What the Harness Did
The harness did not use a testcase-specific throughput threshold. The stop decision came from the generic search-high saturation rule:
- incumbent highest feasible probe:
sampling_u=0.123046875 - configured
search.high:0.125 - binary-search resolution:
(0.125 - 0.0) / 2^6 = 0.001953125 - gap to search high:
0.001953125
Because the incumbent was feasible and within one configured search resolution of search.high, the harness emitted harness-stop-0004 before launching another GPU trial. This means the current study could no longer measure a materially higher workload without increasing search.high; it is not a claim of global engine optimality.
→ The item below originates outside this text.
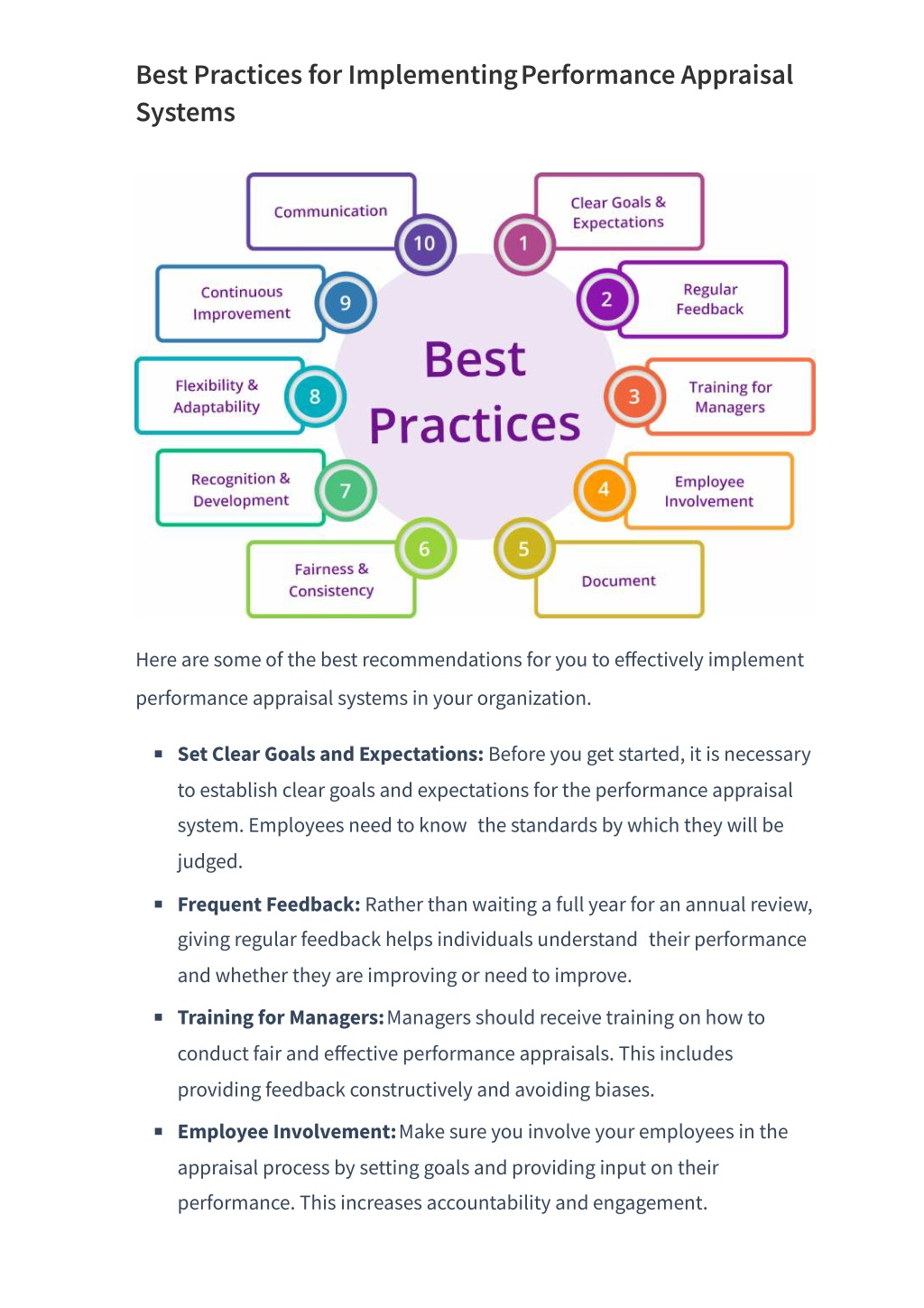 Best Practices for Implementing Performance Appraisal Systems Here are some of the best recommendations for you to e?ectively implement performance appraisal systems in your organization. Set Clear Goals and Expectations: Before you get started, it is necessary to establish clear goals and expectations for the performance appraisal system. Employees need to know the standards by which they will be judged. Frequent Feedback: Rather than waiting a full year for an annual review, giving regular feedback helps individuals understand their performance and whether they are improving or need to improve. Training for Managers: Managers should receive training on how to conduct fair and e?ective performance appraisals. This includes providing feedback constructively and avoiding biases. Employee Involvement: Make sure you involve your employees in the appraisal process by setting goals and providing input on their performance. This increases accountability and engagement.

The harness context also made the LLM response more directed after failure:
- After baseline, it exposed the TTFT-only prefill bottleneck and the sharp queueing knee around
sampling_u=0.03515625. - The LLM first chose TP4/DP2 to use the idle 4 GPUs while preserving the validated TP4 shard shape. This failed with
connection refused, matching the no-harness failure family. - The next harness prompt included that failure, and the LLM switched to TP8/DP1 with EP off, explicitly avoiding the failed DP2 family.
- No-harness inserted an extra EP4 launch-failure trial before reaching TP8/DP1.
Conclusion
Harness accelerated convergence mainly through early stopping, not by finding a much better final config on this setup. It reduced GPU trials from 12 to 3 while preserving 99.0% of the no-harness final throughput. It also reached the first strong TP8 point one trial earlier than no-harness.
The limitation is that the generic search-high stop guard stopped before local runtime tuning of max-num-batched-tokens, which no-harness used to recover a small additional 0.97%. For this setup, that tradeoff is acceptable if the goal is fast convergence under a fixed measurement ceiling; if the goal is exact final throughput, the next study should raise search.high or disable search-high early stop for a local-polish phase.